Une partie de la confusion vient du CMMC (Cybersecurity Maturity Model Certification), le régime américain équivalent, imposé par le département de la Défense des États-Unis à ses fournisseurs. Le CMMC et le CPCSC partagent une parenté directe : le second s’appuie sur la norme ITSP.10.171, elle-même dérivée du NIST SP 800-171 américain, le même socle que le CMMC. Les deux régimes se ressemblent, mais ne sont pas identiques, et une exigence propre au régime américain ne se transpose pas automatiquement au régime canadien.
Une autre partie de la confusion vient simplement de la jeunesse du programme. Le CPCSC est récent, la documentation officielle continue de se préciser, et les zones d’ombre se remplissent plus vite de suppositions que de lecture attentive des textes.
Un consultant ou un employé qui a travaillé du côté américain apporte parfois ce vocabulaire sans distinguer les deux régimes. Ce n’est pas de la mauvaise foi, c’est un réflexe professionnel qui mérite d’être vérifié avant d’être appliqué à votre dossier canadien.
Quelles erreurs coûtent le plus cher dans une démarche PCCC ?
Derrière les exigences CPCSC mythes et réalités, trois erreurs reviennent le plus souvent chez les entreprises que nous rencontrons.
- Bâtir une infrastructure d’enclave complète avant de vérifier si une séparation logique, moins coûteuse, suffit pour votre périmètre restreint.
- Investir dans du matériel certifié FIPS avant de confirmer le paramètre organisationnel réellement exigé par votre contrat.
- Retarder un dépôt d’appel d’offres en pensant la certification obligatoire dès la soumission, alors que l’auto-évaluation ne devient obligatoire qu’à l’attribution du contrat.
Chacune de ces erreurs part d’une bonne intention et d’une mauvaise date ou d’un mauvais niveau. Le coût ne vient pas de la norme elle-même, il vient de l’écart entre ce qu’elle exige réellement et ce qu’on croit qu’elle exige. Le gouvernement fédéral offre un outil gratuit d’auto-évaluation de niveau 1 : commencer par cet outil, avant d’investir dans une refonte d’infrastructure, évite plusieurs de ces erreurs.
Trier exigences CPCSC mythes et réalités ne dispense de rien : ni de lire le contrat, ni de consulter au bon moment.
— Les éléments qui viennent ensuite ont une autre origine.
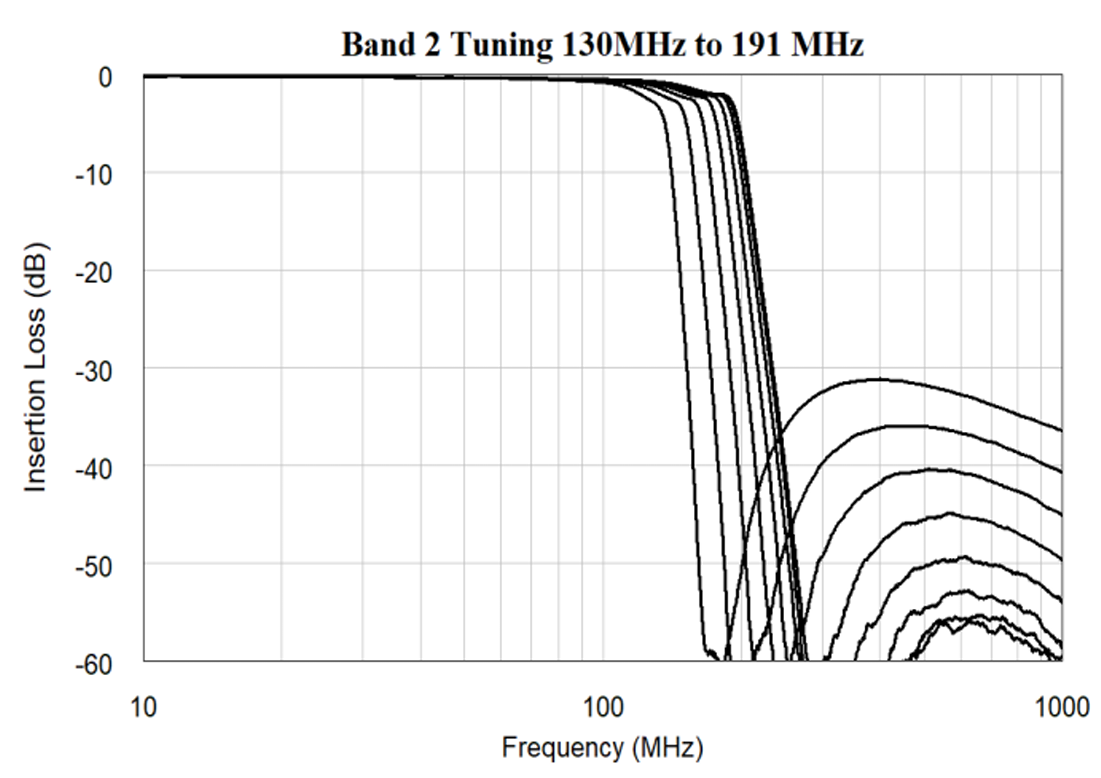 Analog Tunable 103 MHz to 191 MHz Lowpass MMIC Filter
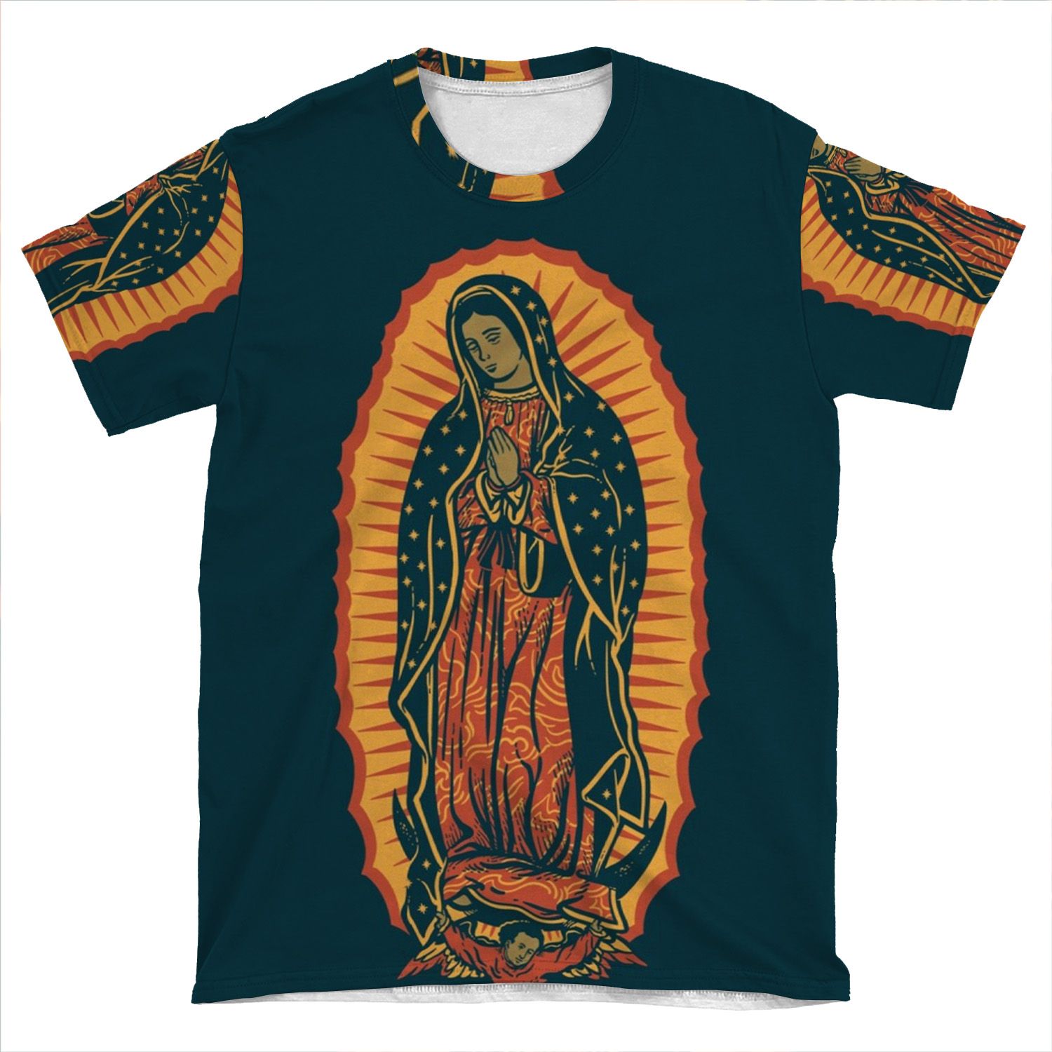 This Our Lady Of Guadalupe I-Phone AOP T-shirt Tee created to be a versatile and stylish companion for all your casual appearances. With its uniquely textured, thick, microfiber-knit fabric, this t-shirt bears a premium, soft feel that remains lightweight and highly breathable – the perfect combo for a hot day or layering.

Rien de ce qui précède ne remplace un avis juridique ou contractuel. Chaque contrat fédéral a ses propres clauses, et c’est le contrat, pas cet article, qui a le dernier mot sur vos obligations précises. Si une affirmation sur le CPCSC ou le PCCC vous a été présentée comme un fait et que vous voulez la vérifier avant d’investir temps et budget, un accompagnement CPCSC commence justement par cette vérification : quels contrôles s’appliquent à votre niveau, quel est votre écart réel, avant toute recommandation. Notre vision, vos décisions.
Pour aller plus loin avec Factero :
Foire aux questions
Cinq questions reviennent souvent une fois les exigences CPCSC mythes et réalités remises à leur place.
Le CPCSC est-il obligatoire pour soumissionner à un appel d’offres fédéral ?
Non, pas au moment de soumissionner. L’auto-évaluation devient obligatoire à l’attribution du contrat, pas avant le dépôt de votre offre. Le programme est piloté par Services publics et Approvisionnement Canada, qui précise l’exigence exacte dans chaque appel d’offres visé : elle varie d’un contrat à l’autre, vérifiez donc le vôtre avant de conclure quoi que ce soit.
Le CPCSC et le PCCC désignent-ils la même chose ?
Oui. Le PCCC (Programme canadien de certification en cybersécurité) est le nom officiel en français du programme, piloté par Services publics et Approvisionnement Canada. CPCSC est le sigle qui circule pour désigner le même programme, souvent dans des documents ou discussions en anglais. Les deux renvoient à une seule et même certification, sans différence de fond entre eux.
Quelle est la différence entre le CPCSC et le CMMC américain ?
Le CPCSC est piloté par le gouvernement du Canada, le CMMC par le département de la Défense des États-Unis : deux régimes distincts, chacun propre à son pays. Ils partagent une parenté technique, le CPCSC s’appuyant sur l’ITSP.10.171, elle-même dérivée du NIST SP 800-171 qui alimente aussi le CMMC. Un fournisseur qui vend aux deux marchés doit répondre aux deux séparément.
Peut-on se faire certifier CPCSC niveau 2 dès maintenant ?
Pas encore. Le schéma d’accréditation du Conseil canadien des normes existe depuis le 27 janvier 2026, mais aucun organisme n’était accrédité pour réaliser cette certification à la date de publication de cet article. Sans organisme accrédité, aucune certification de niveau 2 n’est possible : la disponibilité du niveau 2 dépend entièrement de cette accréditation à venir.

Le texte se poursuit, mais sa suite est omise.